Segment Start: Data

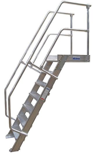 Алюминиевый трап с платформой - это прочная алюминиевая лестница использыемая для безопасного подхода к дверям или промежуточному междуэтажному уровню и т. п. в соответствии с требованиями EN ISO 14122. "Трап с платформой стационарный. Трап с площадкой из алюминия"
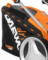 Газонокосилка бензиновая Daewoo DLM 5500SVRB работает в режимах кошения, сбор в травосборник, боковой выброс и мульчирование. Режущая дека, как и корпус, сделана из высокопрочной стали с защитой от коррозии. В комплекте два ножа, куда входит универсальный и турбонож с острой заточкой. Трава собирается в большой травосборник объемом 70 литров. Он комбинированный, где низ- мягкий тканевой, а вверх- твердый пластик. Благодаря индикатору можно контролировать его заполнение, а также он легко опорожняется и чистится. Для очищения деки после работы предусмотрен штуцер, через который подключают водопроводный кран.
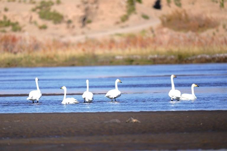 近日,高臺縣黑河濕地多次監(jiān)測到大天鵝種群,它們的翩翩降臨,標(biāo)志著天鵝一年一度的越冬之旅正式開啟。 大天鵝是雁形目鴨科天鵝屬鳥類,又稱黃嘴天鵝,全身潔白,僅頭稍沾棕黃色;喙黑色,上喙基部黃色,喙端黑色;跗跖、蹼、爪也為黑色,是國家二級保護(hù)動物。天鵝對棲息地的選擇極為苛刻,它們的到來是高臺縣黑河濕地生態(tài)環(huán)境質(zhì)量優(yōu)良的有力證明。
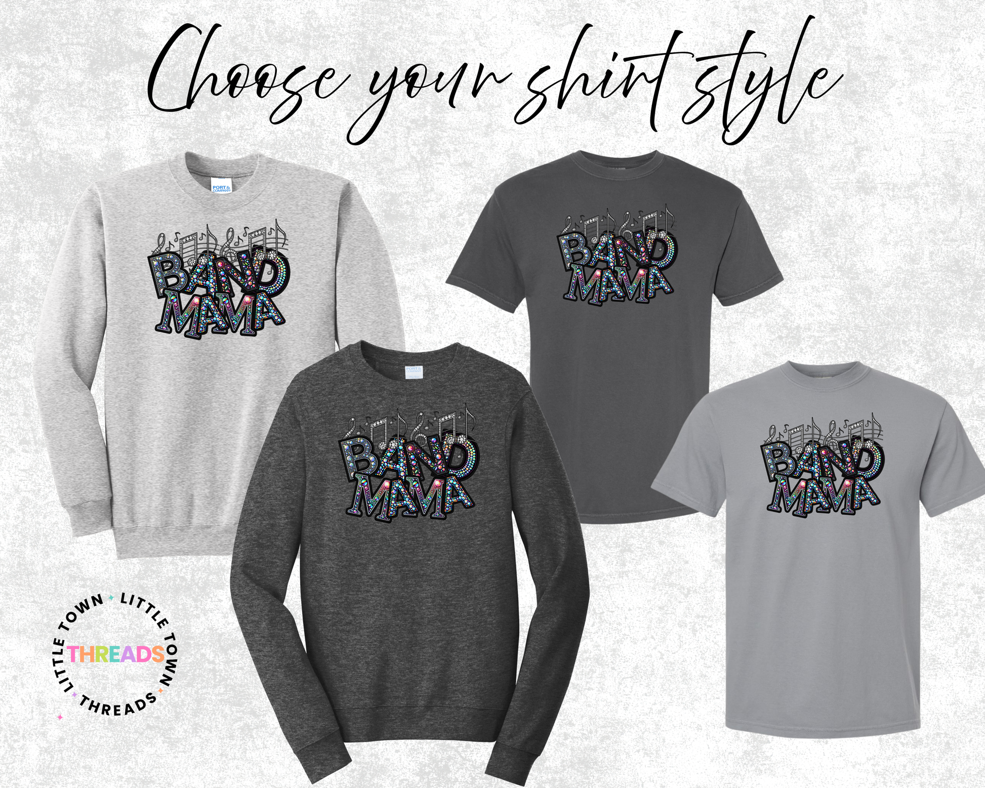Faux Rhinestone Band Mom Shirt - Don't see the color shirt you want? Just email us!
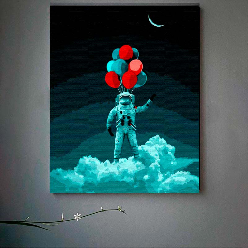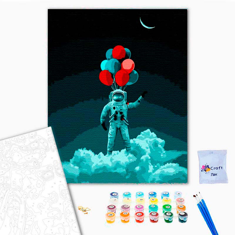 Картина за номерами Космонавт із кульками Strateg 40х50 см DY171

Segment End: Data

Repeat all the records exactly, images excluded.

 Алюминиевый трап с платформой - это прочная алюминиевая лестница использыемая для безопасного подхода к дверям или промежуточному междуэтажному уровню и т. п. в соответствии с требованиями EN ISO 14122. "Трап с платформой стационарный. Трап с площадкой из алюминия"
 Газонокосилка бензиновая Daewoo DLM 5500SVRB работает в режимах кошения, сбор в травосборник, боковой выброс и мульчирование. Режущая дека, как и корпус, сделана из высокопрочной стали с защитой от коррозии. В комплекте два ножа, куда входит универсальный и турбонож с острой заточкой. Трава собирается в большой травосборник объемом 70 литров. Он комбинированный, где низ- мягкий тканевой, а вверх- твердый пластик. Благодаря индикатору можно контролировать его заполнение, а также он легко опорожняется и чистится. Для очищения деки после работы предусмотрен штуцер, через который подключают водопроводный кран.
 近日,高臺縣黑河濕地多次監(jiān)測到大天鵝種群,它們的翩翩降臨,標(biāo)志著天鵝一年一度的越冬之旅正式開啟。 大天鵝是雁形目鴨科天鵝屬鳥類,又稱黃嘴天鵝,全身潔白,僅頭稍沾棕黃色;喙黑色,上喙基部黃色,喙端黑色;跗跖、蹼、爪也為黑色,是國家二級保護(hù)動物。天鵝對棲息地的選擇極為苛刻,它們的到來是高臺縣黑河濕地生態(tài)環(huán)境質(zhì)量優(yōu)良的有力證明。
Faux Rhinestone Band Mom Shirt - Don't see the color shirt you want? Just email us!
 Картина за номерами Космонавт із кульками Strateg 40х50 см DY171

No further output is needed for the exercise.